Thanks for your help!
 

hgmjr

Joined Jan 28, 2005
9,027
Here is a link to the digikey website info on the ATSTK500-ND evaluation kit for the majority of the AVR microcontrollers.

With the ATSTK500 eval kit and a 10V power supply will get you started. The Assembly Language Compiler AVRSTUDIO4 and the C language compiler WINAVR are both totally free for you to download.

hgmjr
 

Nomad

Joined Oct 21, 2007
43
While that page doing the comparisons seems to be honestly fair, it misses a lot of points.

it mentions the basic stamp, but not the stamp II, or picaxe.

it missed all the awesome support for picbasic, including forums, projects, etc and you dont have to log in to view it like at avrfreaks.

the pickit2 also has tools like like data analyzer and signal injector.

using picbasic is to me about as easy as gwbasic. (and the picbasic compiler (not pro) is free. )

Microchip has a free samples program.

there's free c-compilers for both

among other things.

Now I'm not knocking AVR's. truthfully, I've never used them. They look pretty awesome, and from some sources I respect have heard great things like program portability from one chip to another. but being on a tight budget, only using for hobby, free samples, and a basic I could learn quickly, I had to go with a pic. (Mostly for the super cheap programmer, free samples, and familiar basic programming) Haven't regretted the decision yet.
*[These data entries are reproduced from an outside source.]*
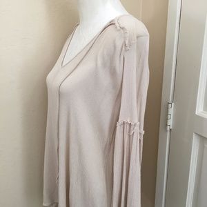 Top has never been worn, I washed but did not wear. The color is a very light Taupe color. Purchased from the store Vici.
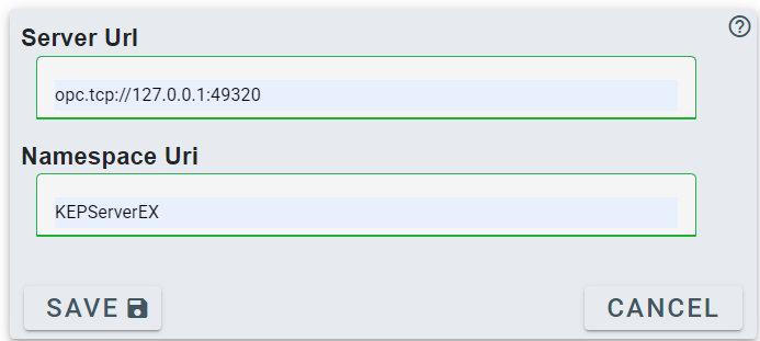 To configure a kepware connect you need the OPC UA address of the server. This can be found in the "OPC UA Configuration" utility installed with kepware. Ensure that the security is disabled as MVS does not currently support using certificates or SSL over OPC UA.
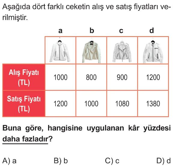 6. Sınıf Bir Çokluğun Yüzdesi ve Yüzde Problemleri Test 9
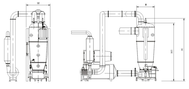 沸騰制粒法是噴霧技術(shù)和流化技術(shù)綜合運(yùn)用的結(jié)果,混合—制粒—干燥在同一密閉容器內(nèi)一次完成,實現(xiàn)一步法制粒,原料粉末在容器內(nèi)建立流化,同時將粘合劑霧滴噴至流化界面成粒,經(jīng)干燥揮發(fā)水份隨排風(fēng)帶出機(jī)外。特點
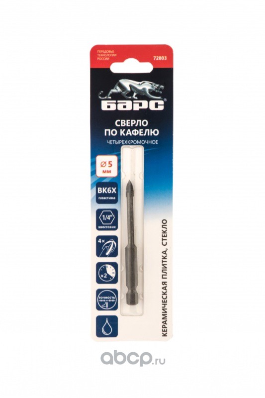 Сверло по керамической плитке 5 мм, крестовая пластинка, шестигранный хвостовик Барс
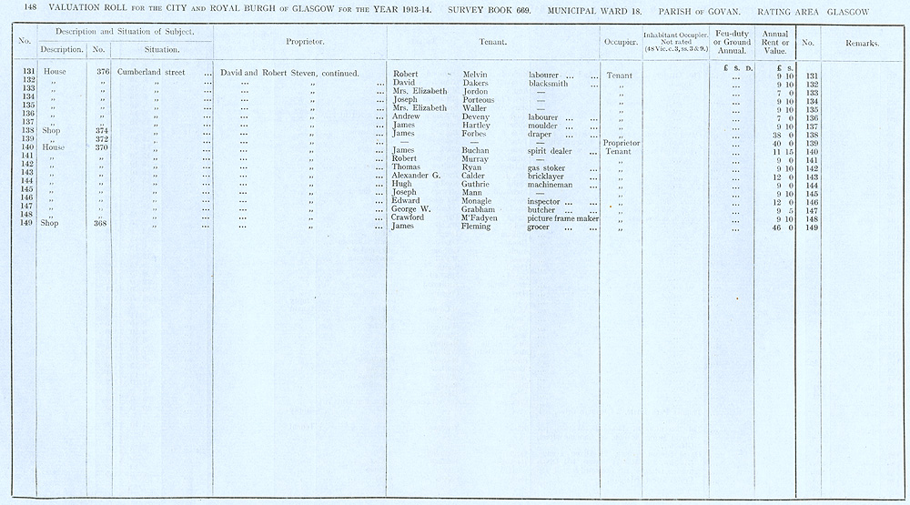 Glasgow Valuation Roll VR 1913-14, Ward 18, p148
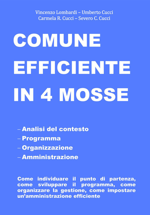 Comune efficiente in 4 mosse. Analisi del contesto, programmazione, organizzazione, amministrazione, come individuare il punto di partenza, come sviluppare il programma, come organizzare la gestione, come impostare un'amministrazione efficiente
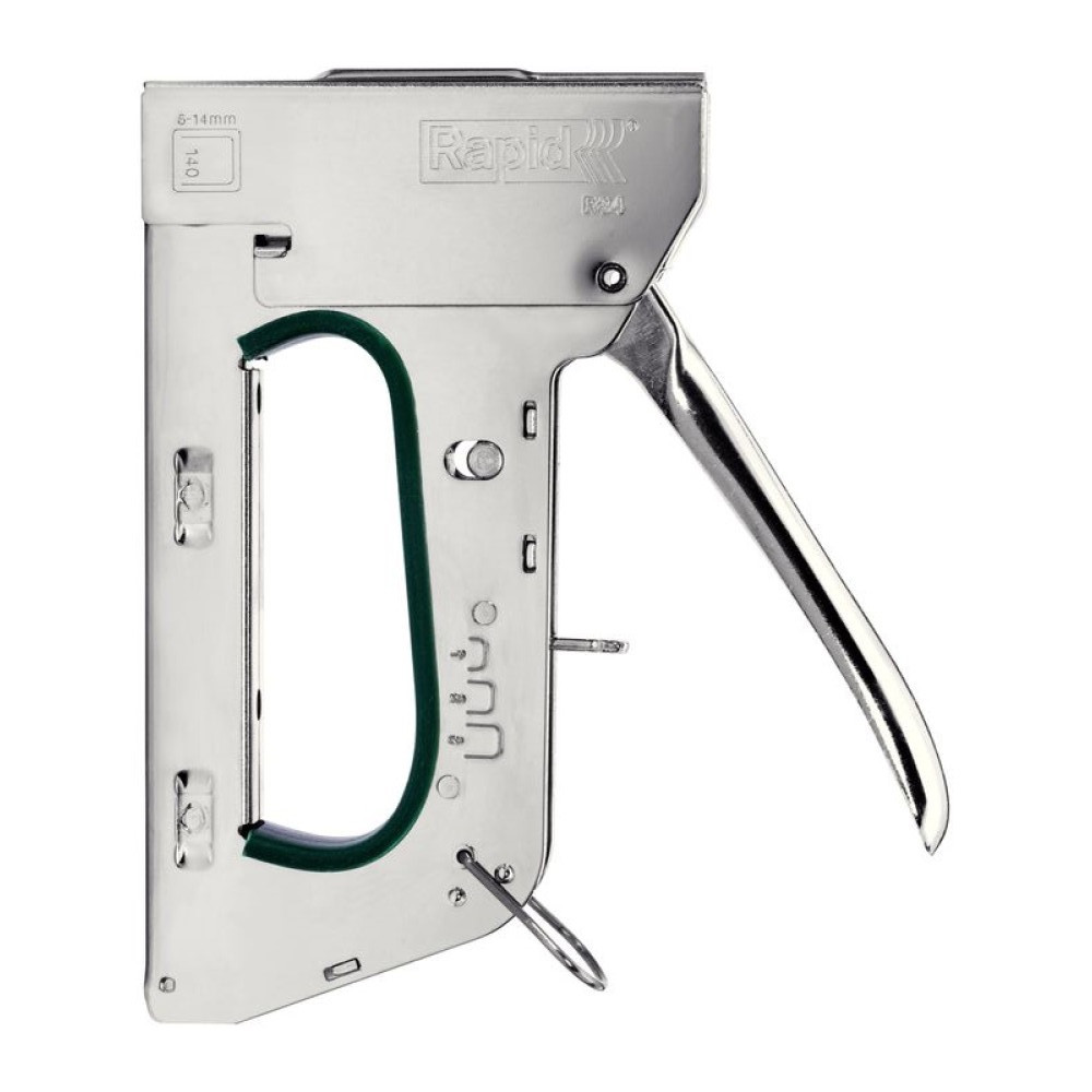 Masszív, teljesen fémből készült Rapid R34 kézi tűzőgép, amely professzionális kárpitos és építőipari feladatokhoz egyaránt megbízható társ. A 140-es típusú kapcsokat 6–14 mm hosszban fogadja, így textilt, fóliát, szigetelőanyagot vagy vékony faelemeket is stabilan rögzít. Szabadalmaztatott kioldószerkezete akár 40 %-kal csökkenti a kar lenyomásához szükséges erőt, a háromfokozatú erőszabályzó pedig biztosítja, hogy puha és kemény felületen is pontosan, kifeszítés nélkül dolgozhass. Mindössze 0,9 kg-os súlyával kényelmesen kézben tartható, mégis rendkívül tartós.
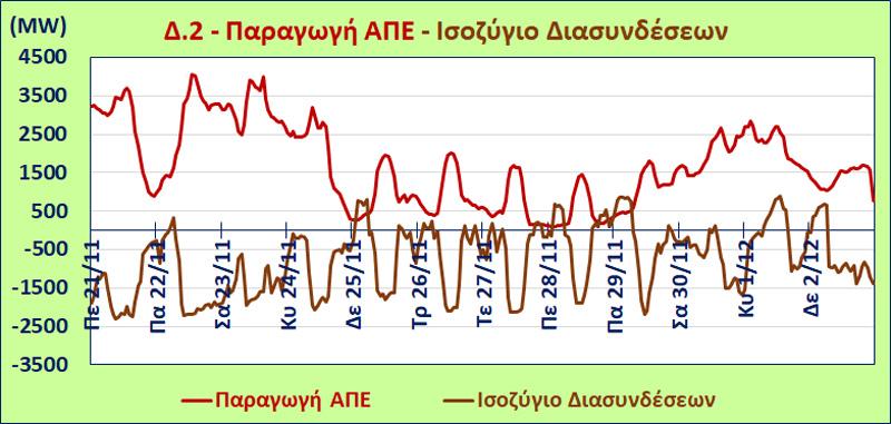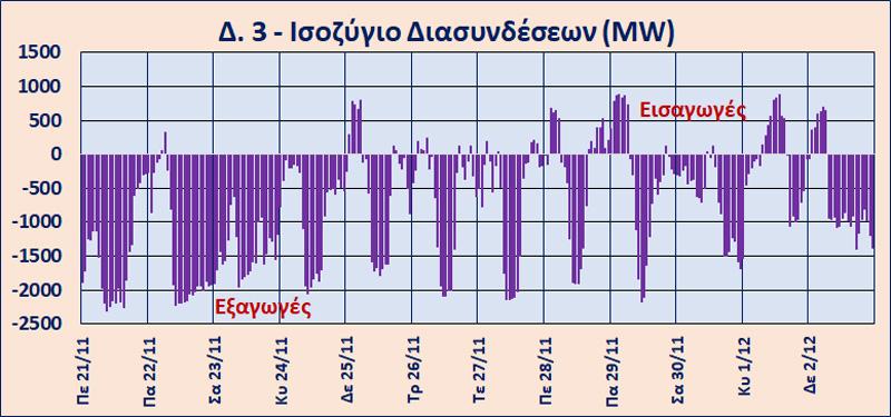 Στο 3ο διάγραμμα, (Δ.3), από το «ισοζύγιο διασυνδέσεων» βλέπουμε πως η Ελλάδα ήταν έντονα εξαγωγική χώρα. Αυτό μπορεί να ωφέλησε τους εξαγωγείς ηλεκτρισμού, αλλά καθόλου δεν ωφέλησε τους καταναλωτές και την οικονομία της χώρας. Κι ούτε πρόκειται φυσικά να μας ωφελήσει στο μέλλον.
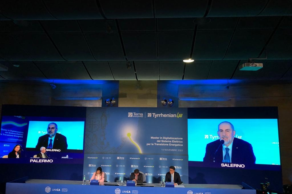 L'emozione dei docenti e dei partecipanti, le indicazioni dalla regia impegnata nel connettere Cagliari con Salerno e Palermo, le riprese dei media locali. L’aula magna di Ingegneria e architettura ha ospitato l’inaugurazione del nuovo master in Digitalizzazione del sistema elettrico per la transizione energetica. Un progetto che guarda al futuro: oltre duecento assunzioni e cento milioni di euro di investimenti nel prossimo quinquennio. Terna e le tre Università, il triangolo pregiato Sardegna, Campania e Sicilia che promette bene. Il corso fa capo al Tyrrhenian Lab, l’infrastruttura più importante dell’azienda, ed è al centro di un programma di alta formazione e specializzazione distribuito nelle sedi delle Università di Cagliari, Salerno e Palermo, le città in cui approderanno i cavi del Tyrrhenian Link.
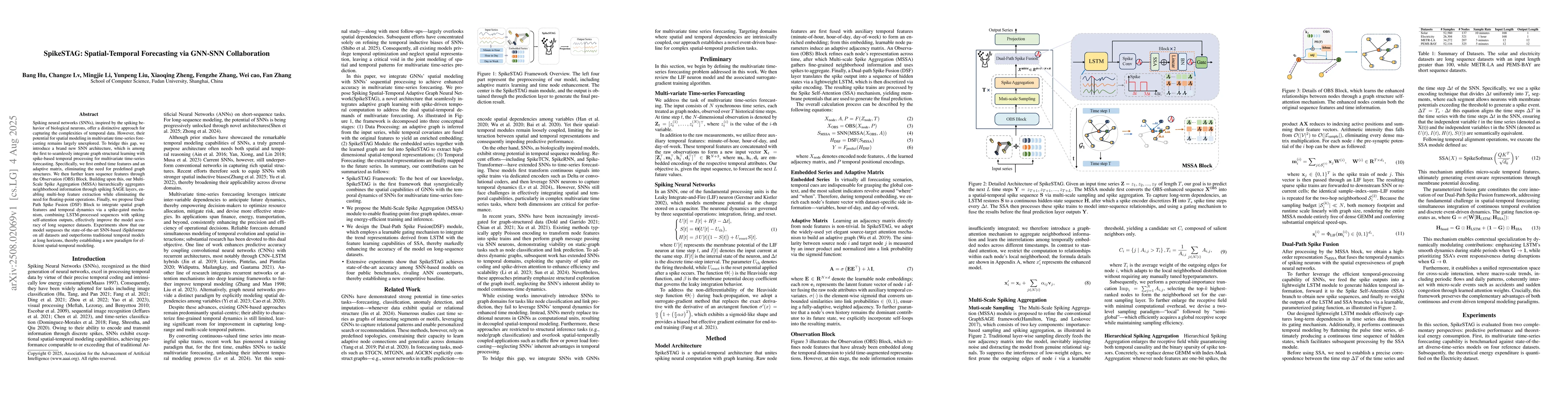 Spiking neural networks (SNNs), inspired by the spiking behavior of biological neurons, offer a distinctive approach for capturing the complexities of temporal data. However, their potential for spatial modeling in multivariate time-series forecasting remains largely unexplored. To bridge this gap, we introduce a brand new SNN architecture, which is among the first to seamlessly integrate graph structural learning with spike-based temporal processing for multivariate time-series forecasting. Specifically, we first embed time features and an adaptive matrix, eliminating the need for predefined graph structures. We then further learn sequence features through the Observation (OBS) Block. Building upon this, our Multi-Scale Spike Aggregation (MSSA) hierarchically aggregates neighborhood information through spiking SAGE layers, enabling multi-hop feature extraction while eliminating the need for floating-point operations. Finally, we propose a Dual-Path Spike Fusion (DSF) Block to integrate spatial graph features and temporal dynamics via a spike-gated mechanism, combining LSTM-processed sequences with spiking self-attention outputs, effectively improve the model accuracy of long sequence datasets. Experiments show that our model surpasses the state-of-the-art SNN-based iSpikformer on all datasets and outperforms traditional temporal models at long horizons, thereby establishing a new paradigm for efficient spatial-temporal modeling.
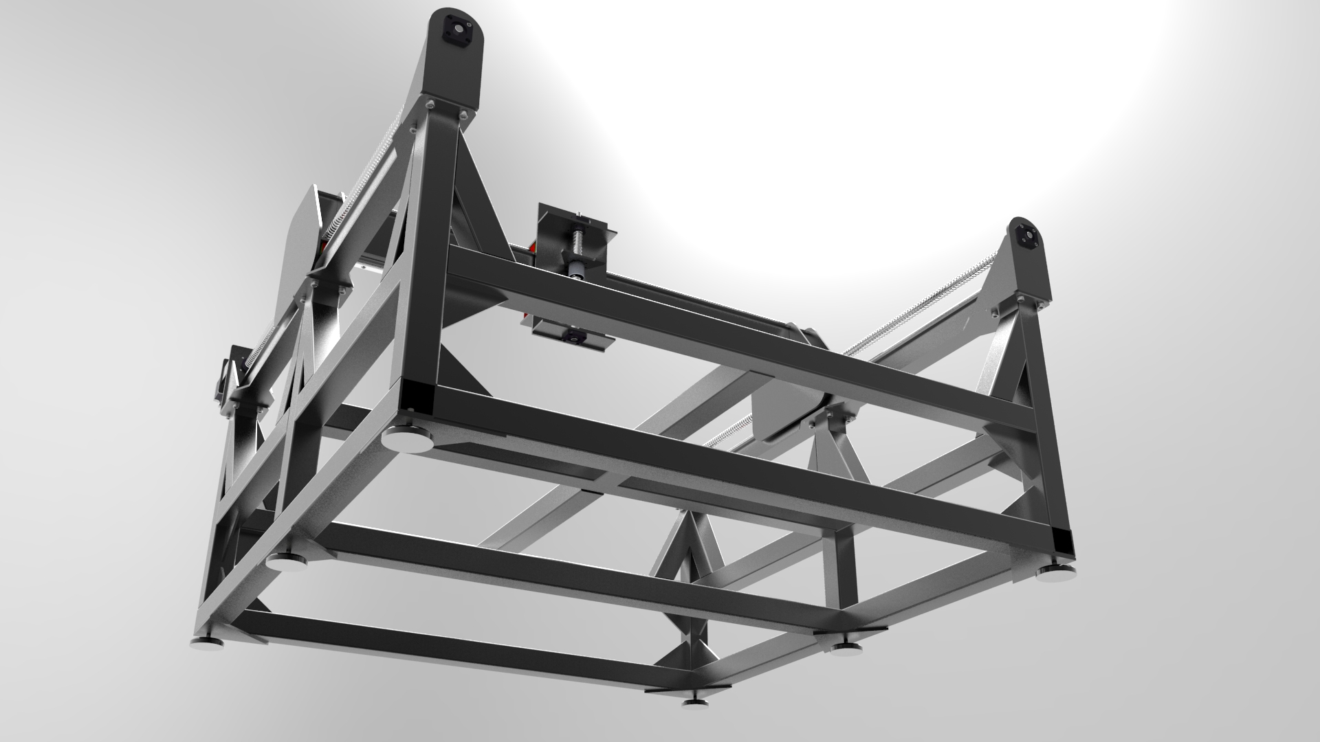 Станина ещё не готова. В первую очередь интересует Ваше мнение по поводу конструкции. Это не ножки. Просто не придумал ещё как лучше сделать под опоры винтов. Можно сделать ножки из профильной трубы 80х80, вывести выше и в ней установить опоры, тогда в ней будет проблематично сделать симметричное отверстие относительно винта.

EDIT: Just noticed atmel samples listed on their page. never saw that before. might be time to try one out lol.
now if they only had a nice features/comparison page to select devices similar to the microchip pages....... ugh.
 
Last edited:

hgmjr

Joined Jan 28, 2005
9,027
Greetings nomad,

Is this what you were referring to when you asked about a comparison list of the features of all of the members of the AVR family?

hgmjr
 

n9352527

Joined Oct 14, 2005
1,198
If you are after concise command set, then IMHO PIC with assembler is more suitable for you. The number of assembly commands for the PIC16 series is only about 35 or so. PIC18 series have a few more additional commands. The MPLAB and MPASM are free from Microchip. However, it does require a lot more time to develop large program with assembler compared to, say, C.

There are PIC18F with around 3K of RAM, so that 2K requirement is not really a problem unless your codes also need lots of RAM.
 

Thread Starter

mrtom

Joined Oct 25, 2008
3
Thanks for your responses. I've taken a look at the PICkit2 starter kit, and it seems to me to be what I was looking for (although I'm not exactly sure of what ALL I will need - it sounds as if it is a complete kit though, almost..). It does say that I need the "the AC162061 ICD Header and AC164110 adapter to debug". I assume the header is just to mount the PIC on (odd they woudn't include that), but I'm not sure what the AC164110 is exactly...
The kit sounds as if it contains several different compilers (Assembler, PICBasic, and C), is this correct Bertus? If so, what are the advantages/disadvantages in choosing to use one over the other?

Unless any of you can give me a reason not to choose this kit, I think I'll order it tonight.
Thanks again.
 

n9352527

Joined Oct 14, 2005
1,198
The headers are just that, to mount the PIC. You could also wire it up manually to the target PIC. I've a PICkit2, but I didn't look at the application CD because I use MPLAB and had the version that I wanted from Microchip website.

I would think that there are C18 compiler, MPASM, maybe evaluation or lite version of other compilers in the CD. Not a big problem, you could download lots of other compilers.